ALSA is only administered to NAAL participants with very low performance on the core screening questions. It takes an average of 25 minutes to complete and is administered orally in either English or Spanish; respondents may answer in either language. Unlike the main NAAL block design, in which a respondent only takes 3 of the overall 13 blocks, ALSA questions are standardized (every respondent takes all of the questions in the same order).

ALSA Tasks and Stimulus Materials

ALSA is comprised of 79 questions that assess least-literate adults’ background knowledge, basic reading skills, and, to a lesser degree, higher-level text search and inferential literacy skills.

Most ALSA participants cannot read connected text, which means they cannot read the question itself. Therefore, ALSA questions are composed of easier tasks and hands-on stimulus materials that are designed to facilitate the measurement of low-level literacy skills. Since least-literate adults tend to rely heavily upon context for comprehension, ALSA tasks are familiar and their corresponding stimulus materials are tangible, 3-D objects such as food boxes and drug labels.
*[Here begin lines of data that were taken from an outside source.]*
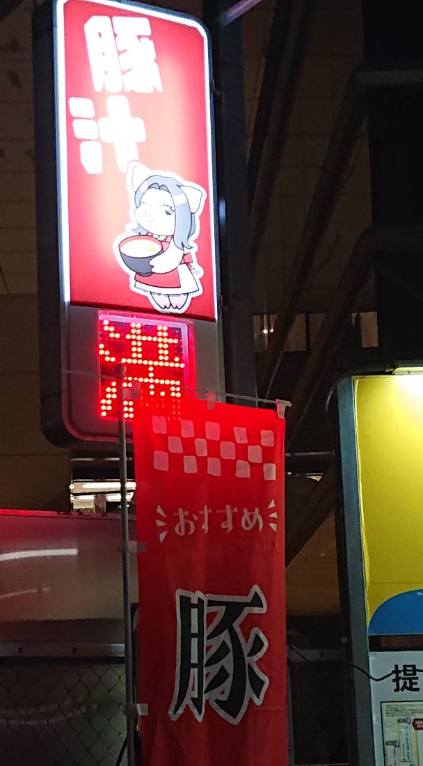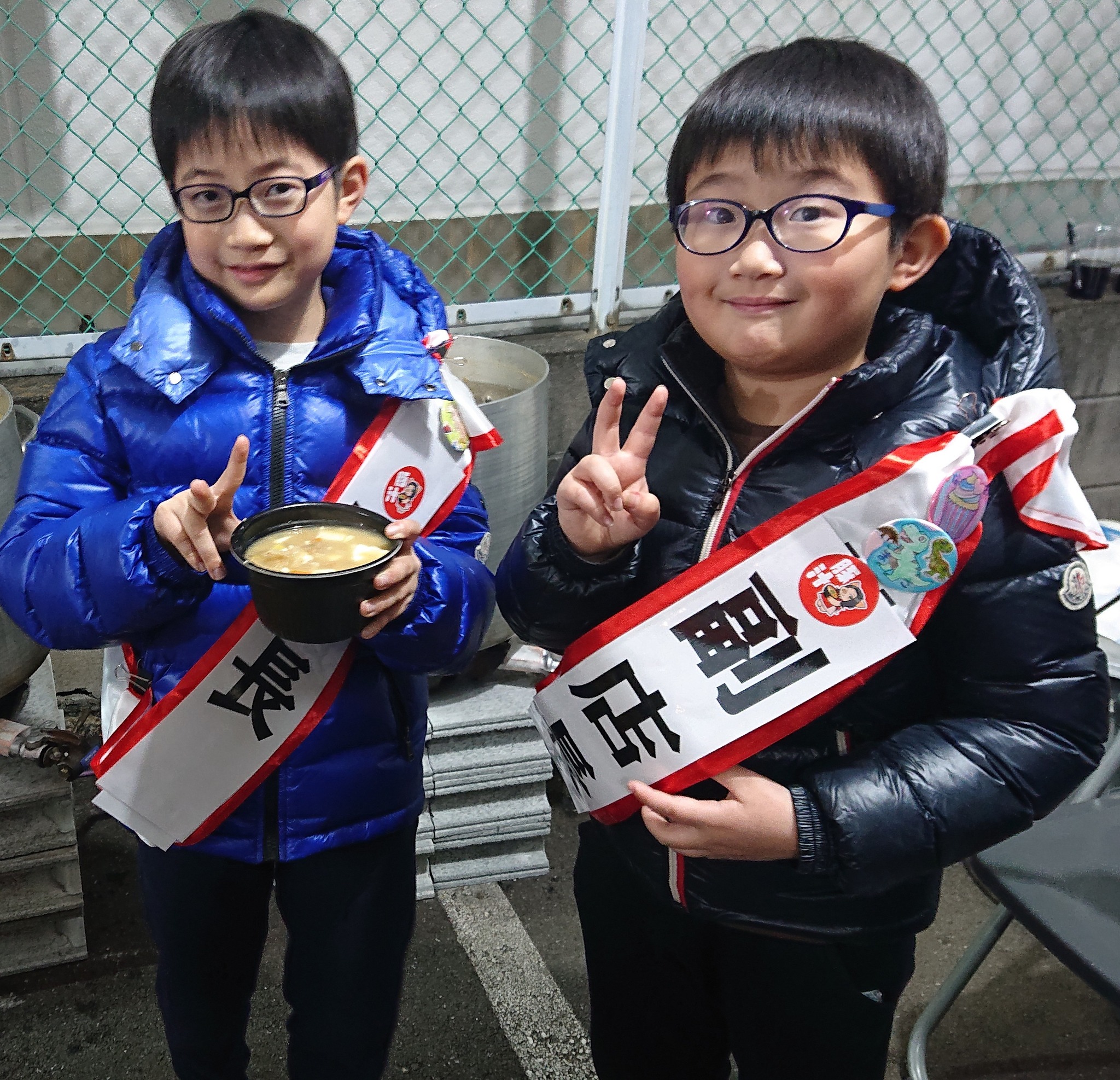 豚汁を『子ども食堂』で よそうのは、【こども店長・副店長📷️】さん(^O^)👍👍。📷駐車場の照明看板が『豚汁』に変わっている所が、スゴい(^O^)👍。
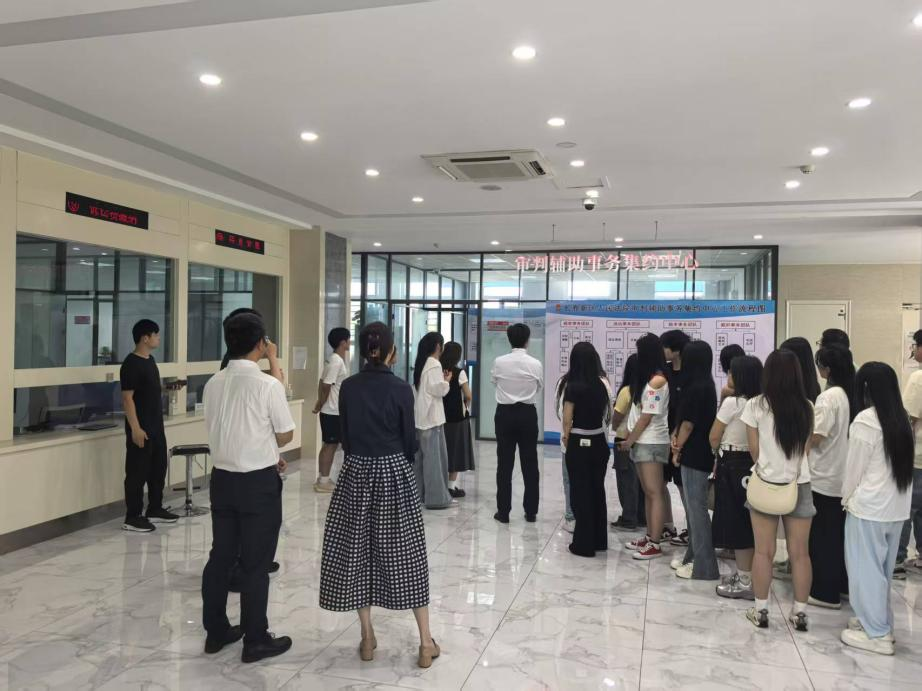 当日上午,同学们怀揣着对法律实践的期待与热忱,有序入法院。在新区法院立案庭副庭长姜飞飞的引导下,首先参观了诉讼服务大厅。姜飞飞副庭长向同学们详细介绍了立案登记、诉讼引导、多元解纷等功能区的运作模式,直观展现了司法便民的“第一扇窗口”。
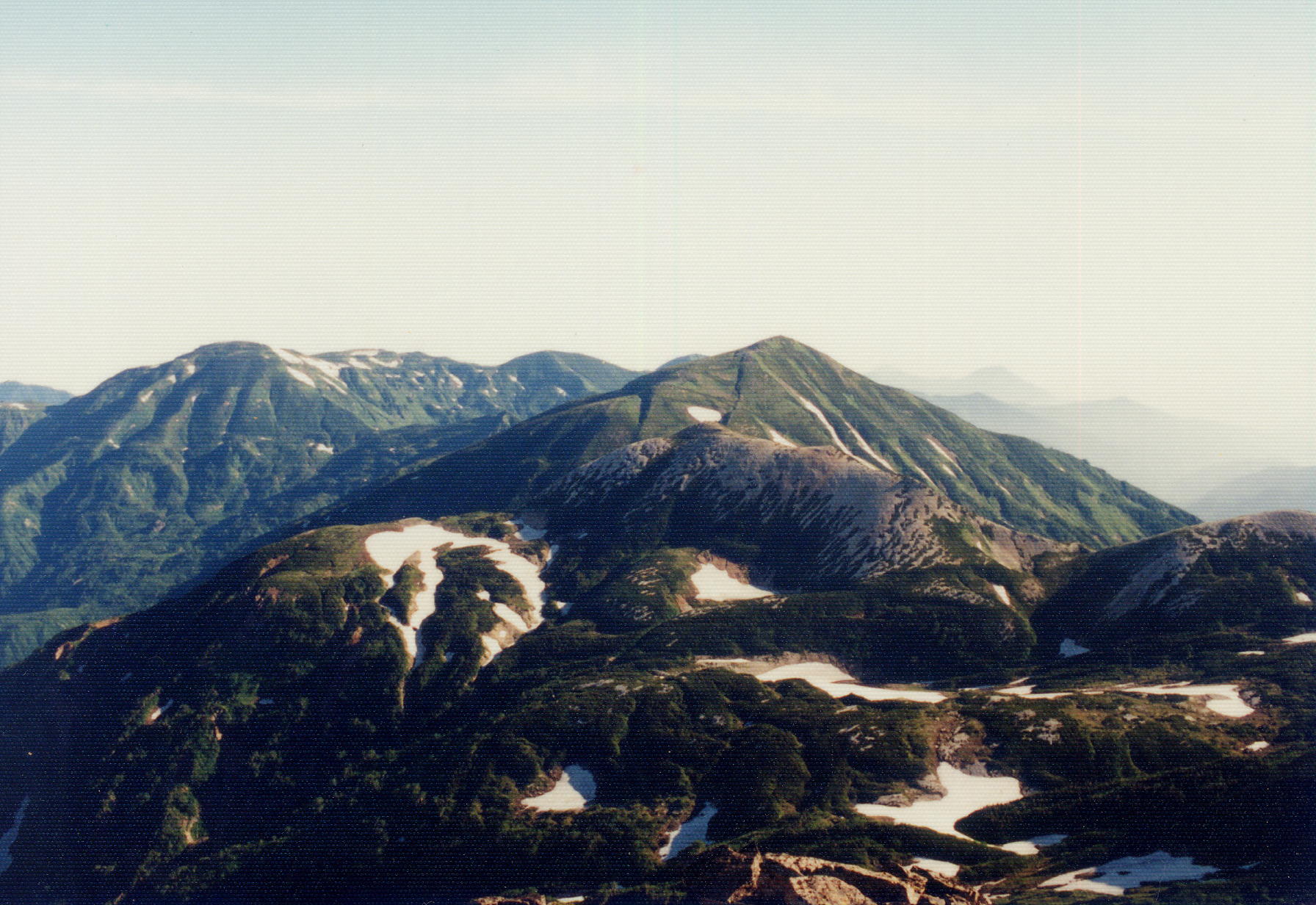 右寄りの三角は雪倉岳
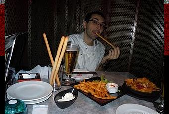 Desde dentro de mi prision no se veia mucho y no pude hacer muchas fotos la verdad, pero la ambientación estaba muy bien. La comida como podeis comprobar tambien estaba muuuuuy buena. Esos Nachos, esos calamares o esa especie de Pizza / panini estaban increibles.. y habia muchisimas mas cosas con buena pinta que queria probar.. pero eso otro dia será. Como bien recordaba, en mitad de la cena se apagaron de pronto todas las luces y comenzó el espectaculo. Presos, zombies y demas monstruos del averno se escaparon de sus jaulas y vinieron a asustarnos (Kaori se asustaba como una niña pequeña XD estos japoneses no dejan de sosprenderme) los grupos de japonesas inocentes de nuestros lados tampoco podian parar de gritar de terror cada segundo.. Despues de un rato de sustos fueron viniendo las policias (todo tias con minifaldas casi imposibles y mas wenorras que lo que podria entrar en vuestra imaginacion) y fueron disparando, matando y cazando a los "monstruos del averno". fue un espectaculo divertido de casi 10 minutos (aunque Kaori no lo disfrutó mucho no se porque.. XD) Cuando terminó, por los altavoces dijeron que para las personas que peor lo habian pasado recibirian un regalo de la casa... que considerados!!
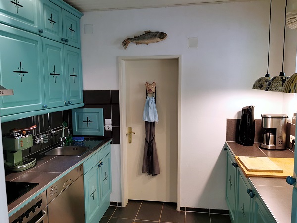 Auch die schöne Küche mit türkisen Schränken bietet nicht nur Geräte wie Induktionsherd, Kühlschrank mit Gefrierfach, Backofen, Geschirrspüler, Toaster, Stabmixer und Handmixer. Es gibt hier gleich drei Möglichkeiten seinen Kaffee zuzubereiten: eine Kaffeemaschine mit Filter, eine professionelle Espresso-Maschine und einen Kaffeebereiter von Bodum. Dazu natürlich Kaffeefilter, Kaffeepulver und Zucker. Sogar ein Wassersprudler steht in der Küche.
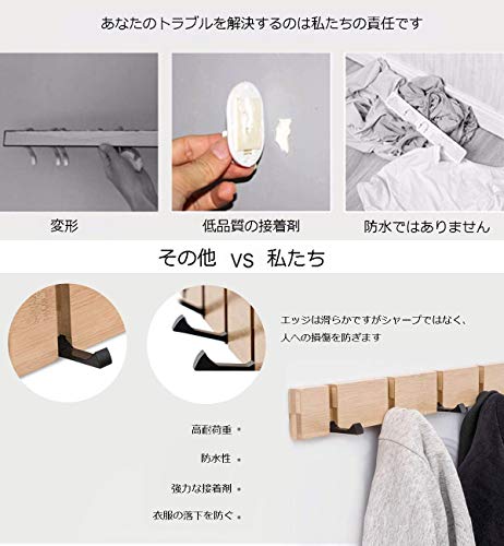 【耐久性の高い素材 】壁掛けフック100%天然竹を作られての、自然で環境に優しい。フック部(亜鉛合金)、変形しにくく、長持ちでき、湿度の高い天候でも外観に影響を与えず
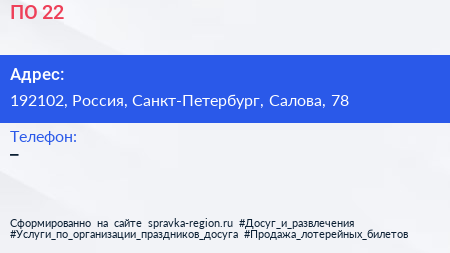 ПО-22 по адресу 192102, Россия, Санкт-Петербург, Салова, 78 в дальнейшем Организация, размещена в следующих категориях:
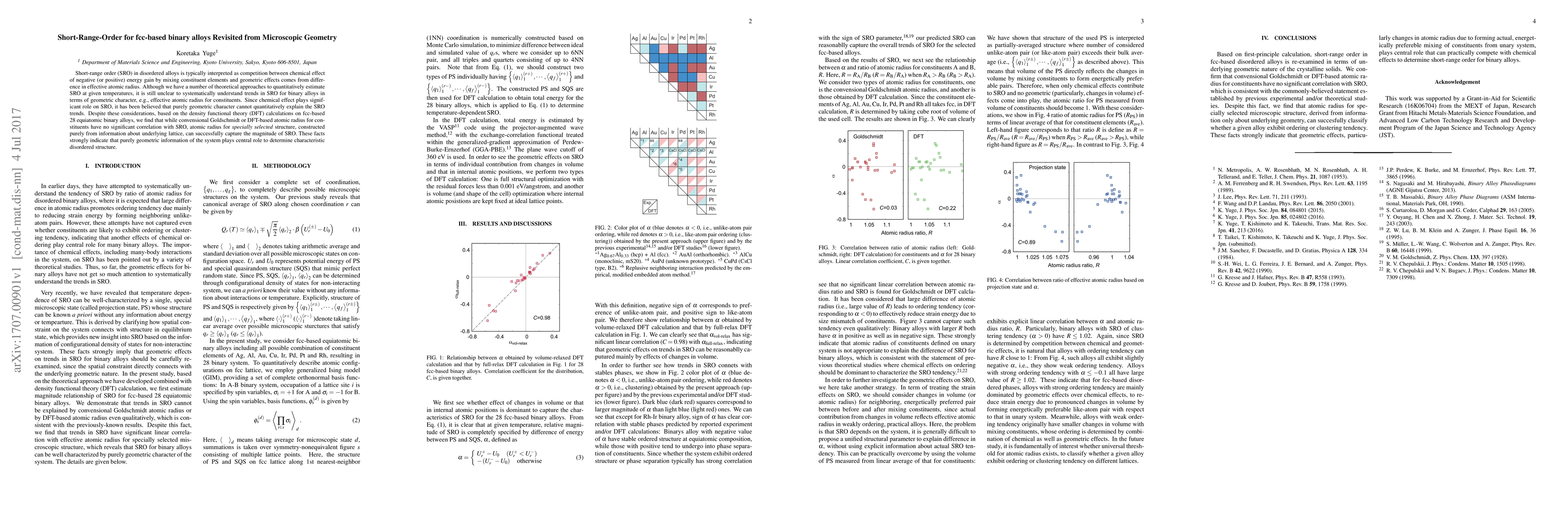 Short-range order (SRO) in disordered alloys is typically interpreted as competition between chemical effect of negative (or positive) energy gain by mixing constituent elements and geometric effects comes from difference in effective atomic radius. Although we have a number of theoretical approaches to quantitatively estimate SRO at given temperatures, it is still unclear to systematically understand trends in SRO for binary alloys in terms of geometric character, e.g., effective atomic radius for constituents. Since chemical effect plays significant role on SRO, it has been believed that purely geometric character cannot quantitatively explain the SRO trends. Despite these considerations, based on the density functional theory (DFT) calculations on fcc-based 28 equiatomic binary alloys, we find that while convensional Goldschmidt or DFT-based atomic radius for constituents have no significant correlation with SRO, atomic radius for specially selected structure, constructed purely from information about underlying lattice, can successfully capture the magnitude of SRO. These facts strongly indicate that purely geometric information of the system plays central role to determine characteristic disordered structure.

The questions progress in difficulty from minimal text and simple labels or signs, to connected, less familiar text and more complex documents.

Level 1
Labels/simple signs
Level 2
Flyers/pamphlets/bills
Level 3
More complex documents
Beverage bottle
Cake mix box
Aspirin bottle
Magazine ad insert
Sale flyer
Water bill
Bus schedule
U.S. atlas

SOURCE: U.S. Department of Education, National Center for Education Statistics.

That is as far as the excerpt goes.